By analyzing existing cross correlation between CPI Computer Peripherals and Coca Cola HBC AG, you can compare the effects of market volatilities on CPI Computer and Coca Cola and check how they will diversify away market risk if combined in the same portfolio for a given time horizon. You can also utilize pair trading strategies of matching a long position in CPI Computer with a short position of Coca Cola. Check out your portfolio center. Please also check ongoing floating volatility patterns of CPI Computer and Coca Cola.

Diversification Opportunities for CPI Computer and Coca Cola

-0.22
  Correlation Coefficient

Very good diversification

The 3 months correlation between CPI and Coca is -0.22. Overlapping area represents the amount of risk that can be diversified away by holding CPI Computer Peripherals and Coca Cola HBC AG in the same portfolio, assuming nothing else is changed. The correlation between historical prices or returns on Coca Cola HBC and CPI Computer is a relative statistical measure of the degree to which these equity instruments tend to move together.
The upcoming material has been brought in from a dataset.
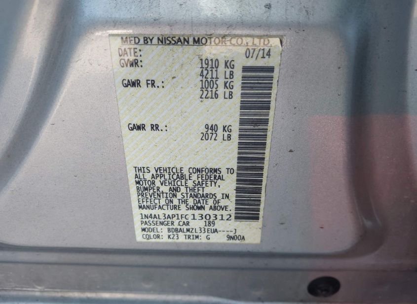 - Название лота: 2015 NISSAN ALTIMA 2.5 SV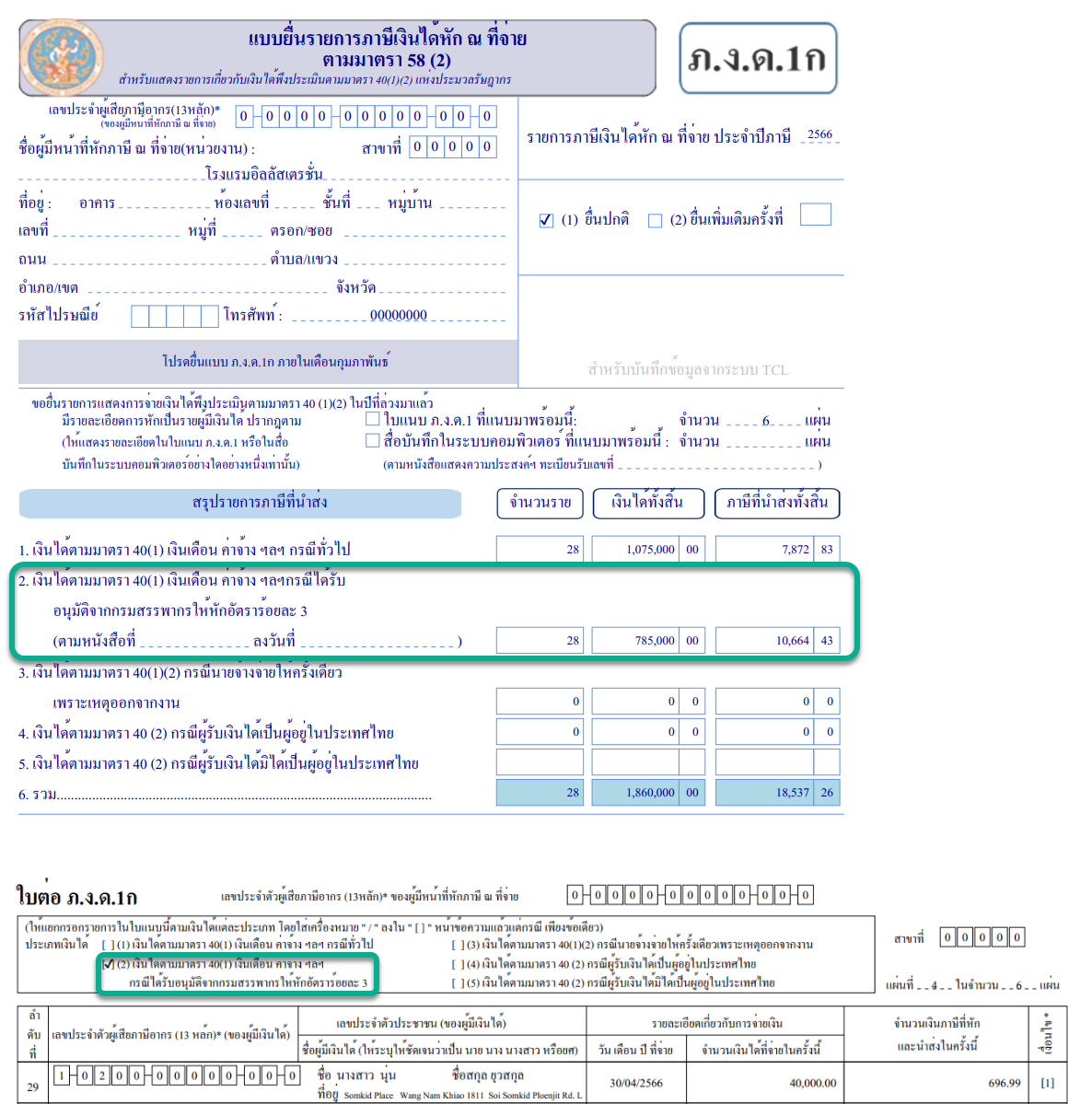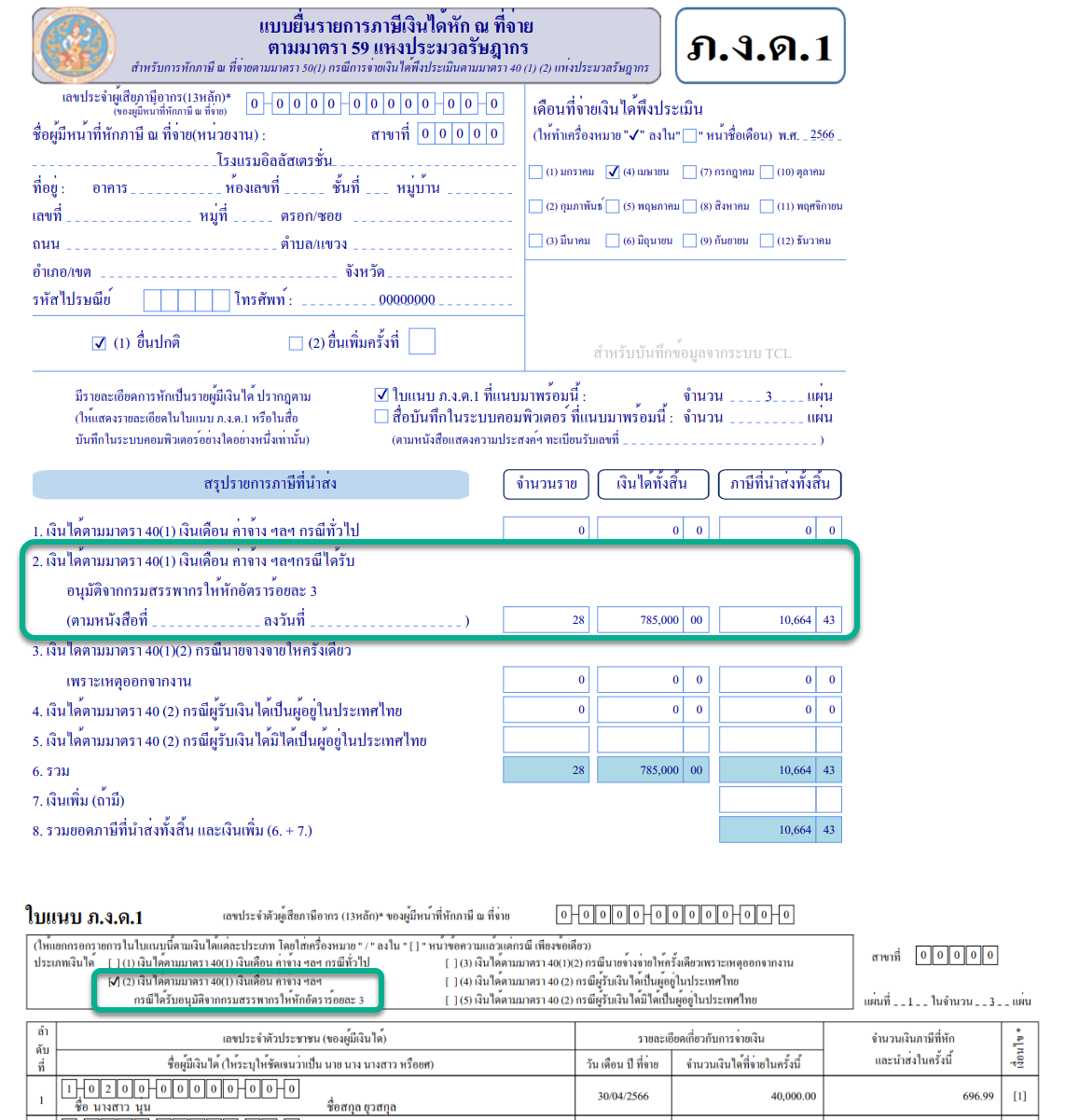 รายงาน ภงด.1 และ ภงด.1ก จะแยกแสดงระหว่างเงินได้ตามมาตรา 40(1) กรณีทั่วไป และตามมาตรา 40(1) กรณีได้รับอนุมัติจากกรมสรรพากรให้หักอัตราร้อยละ 3 ดังนี้

The correlation coefficient measures the extent to which returns on CPI Computer Peripherals are associated (or correlated) with Coca Cola. Values of the correlation coefficient range from -1 to +1, where. The correlation of zero (0) is possible when the price movement of Coca Cola HBC has no effect on the direction of CPI Computer i.e., CPI Computer and Coca Cola go up and down completely randomly.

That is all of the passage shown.